In essence, in conditions where a human makes a decision in the face of genuine uncertainty, he or she can (1) recognise that uncertainty or (2) fall into the trap of thinking they do not face uncertainty, perhaps by believing that they can provide objective probabilities for future outcomes. Either way most people have a propensity to act.
So what happens in the case of investment? People making investment decisions cannot know the future or give objective probabilities for many possible events affecting their decisions: uncertainty simply cannot be quantified in an objective, precise mathematical way. Their subjective expectations in the short or long run about the profitability and success of their investment influence the decision, and they are also influenced by what other people around them think.
Even a cursory reading of the specialist literature in modern cognitive and evolutionary psychology suggests to me that the Post Keynesians would have little difficulty in using modern theories to support their view of subjective expectations in the investment decision.
“Human beings make a vast numbers of decisions throughout their lives.
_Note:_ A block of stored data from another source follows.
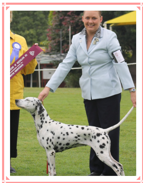
Left: Best Neuter in Show Ch Throdice in Fashion
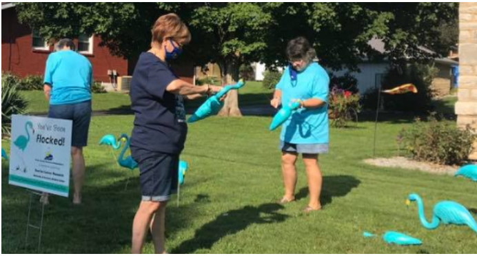
Taylor County Homemakers flocking a home.
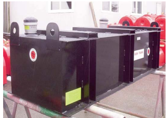
Compatible with a wide range of fuels and chemicals, including conventional diesel and biodiesel
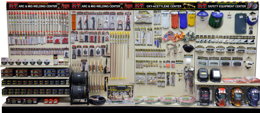
12' Set Model # 130-72303
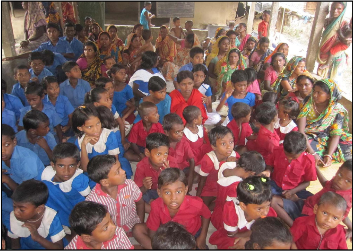
Jogahati Materials Distribution Programme...
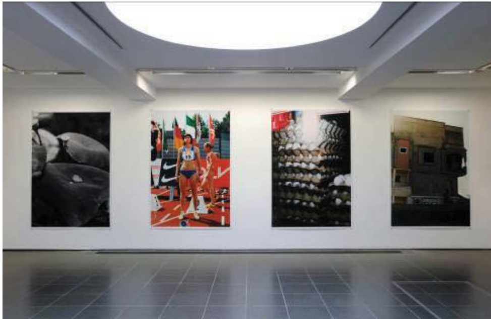
Wolfgang Tillmans Installation view Serpentine Gallery, Photograph by Gautier de Blonde 2010

Some of these have rather trivial consequences ... others have more far reaching repercussions ... In the 1970s Amos Tversky and Nobel Laureate Daniel Kahneman published some startling work suggesting that people are rather poor at making decisions in situations that involve some degree of uncertainty. In particular, Tversky and Kahneman proposed that much of our reasoning under uncertainty involves the use of heuristics. Heuristics are short-cut solutions to a problem, which are usually fast and easy to apply but which do not guarantee a correct solution” (Workman and Reader 2004: 230).The “heuristic and biases” method of Tversky and Kahneman (1974; and Kahneman et al. 1982) described above appears to be a very useful approach which confirms and complements the Post Keynesian theory of business decision-making under uncertainty (Fontana 2009: 39–41). Keynes can be seen as having examined the heuristics and biases by which people in business make decisions about investment, with their use of instincts, conventions and habits of mind. But heuristics do not necessarily “guarantee a correct solution.” A decision not to invest might be wrong, just as a decision to invest can be in error. The cognitive bias in decision-making called the bandwagon effect is relevant to how investors and business people are caught up in the general state of expectations, how waves of optimism can cause more and more businesses to make investment decisions, or how financial markets are subject to rapid changes from bear to bull positions and vice versa.